In a preferred embodiment of the present invention there is provided a personal protection apparatus for use in vehicles wherein said visor has at least one transparent sector.
In another preferred embodiment of the present invention there is provided a personal protection apparatus for use in vehicles wherein said visor is made of polycarbonate.
In a further preferred embodiment of the present invention there is provided a personal protection apparatus for use in vehicles wherein said visor is linked to said behind-the-seat ballistic shield by an articulated track.
In yet a further preferred embodiment of the present invention there is provided a personal protection apparatus for use in vehicles wherein said visor is linked to said behind-the-seat ballistic shield by hinged means.

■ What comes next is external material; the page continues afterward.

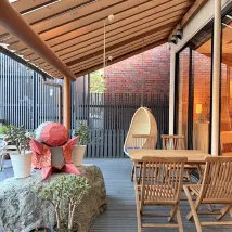 非常驚喜的一家店,通過攜程,直接中文和酒店預約了接站服務。從高山站到酒店也就4、5分鐘車程,本館就在馬路對面。服務非常nice,有個户外的休息區環境太棒了。酒店的高層就有公湯,男女分開。洗漱用品都很不錯。一到酒店,會有服務員擊鼓表示歡迎,我們選擇在户外區域辦理入住。歡迎綠茶cold好喝,辦完入住,就能選擇喜歡的包包,適合自己的洗漱用品,小童的浴衣很漂亮,成人的選擇少,每人一套浴衣+睡袍。因為第二天我們要住到本部去,所以第二天辦理完退房,行李直接會有人送到本部的房間。房間選擇了42平,因為被切割成一塊塊,乾濕分離,倒也沒覺得多大。但整體還是非常不錯的體驗👍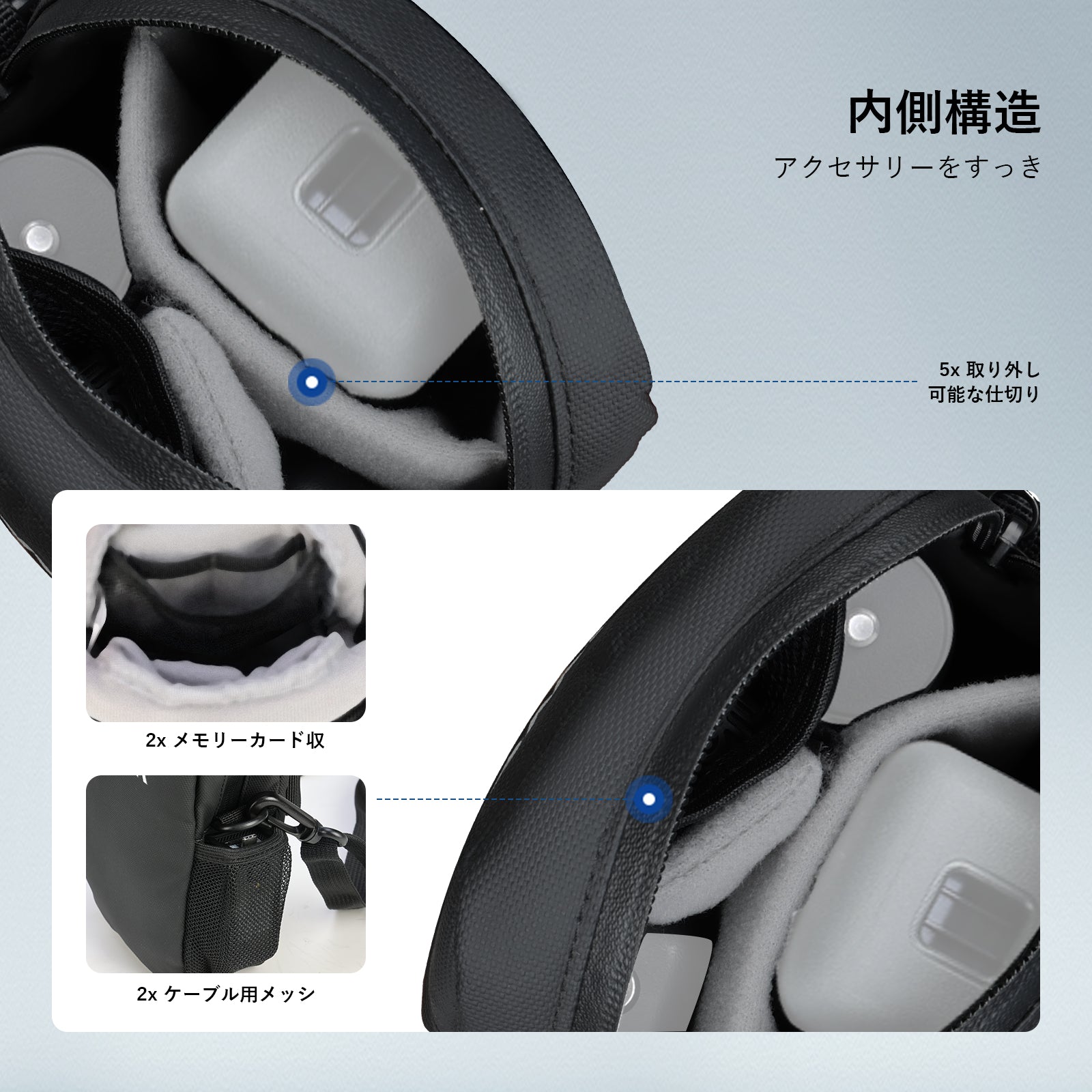 - 【クロスボディ&ショルダーベアリング】カメラバッグは、ショルダーバッグ、クロスボディ、チェストパックなど、様々な持ち方が可能です。内蔵ループを使用してフォトグラフィー用バックパックに取り付けたり、ループとフック留め具を使用してバックパックのショルダーストラップに固定したりすることも可能です。コンテンツクリエイターやインフルエンサーにとって必要なカメラギアです。

In a further preferred embodiment of the present invention there is provided a personal protection apparatus for use in vehicles wherein storage position is substantially parallel to said behind-the-seat ballistic shield.
In another preferred embodiment of the present invention there is provided a personal protection apparatus for use in vehicles wherein storage position is substantially above the head of said driver.

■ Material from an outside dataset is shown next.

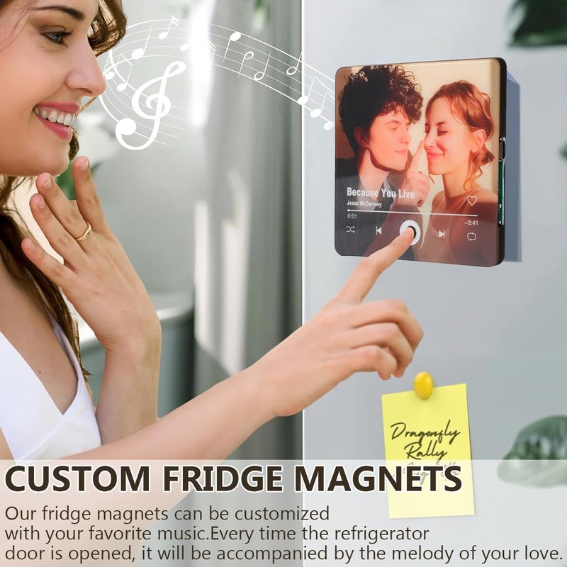 - Built-in Music Player: With a built-in music player, this custom fridge magnet lets you enjoy your favorite tracks directly from your refrigerator. And you can change the music at any time, if you get tired of listening to a song, you can change to a new song and record it in, just by connecting the magnet to your computer using a USB cable
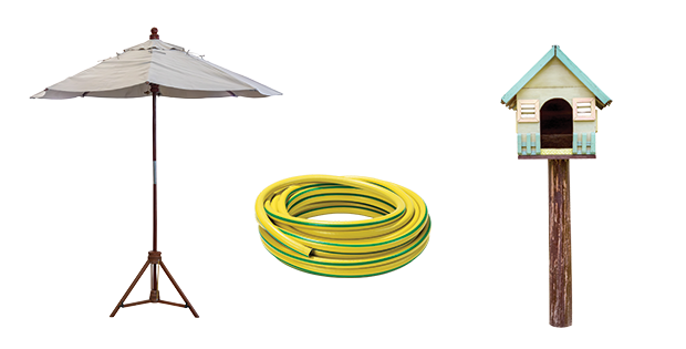 Les abris de jardin, arches, arrosoirs, bacs à fleurs, bâches, balais de jardin, balconnières, barbecues au gaz, bassines, bèches, broches, brosses, brouettes, burins, carrés potagers, cisailles, clapiers, coffrets barbecue (hors ustensiles de cuisson), composteurs, coupe-branches, couteaux, cuves, dévidoirs enrouleurs, échelles, gants de jardinage, hôtels à insectes, etc.

In another preferred embodiment of the present invention there is provided a personal protection apparatus for use in vehicles wherein said visor is urged by spring means to remain at both deployed and stored positions.
In yet another preferred embodiment of the present invention there is provided a personal protection apparatus for use in vehicles wherein said behind-the-seat ballistic shield is made of steel. In further embodiments said shield is made of a synthetic fiber textile in a rigid frame or as a composite ceramic armor panel.
In especially preferred embodiments of the present invention said deployable protective visor includes a component which remains deployed above the head of the user in the deployed position of the visor.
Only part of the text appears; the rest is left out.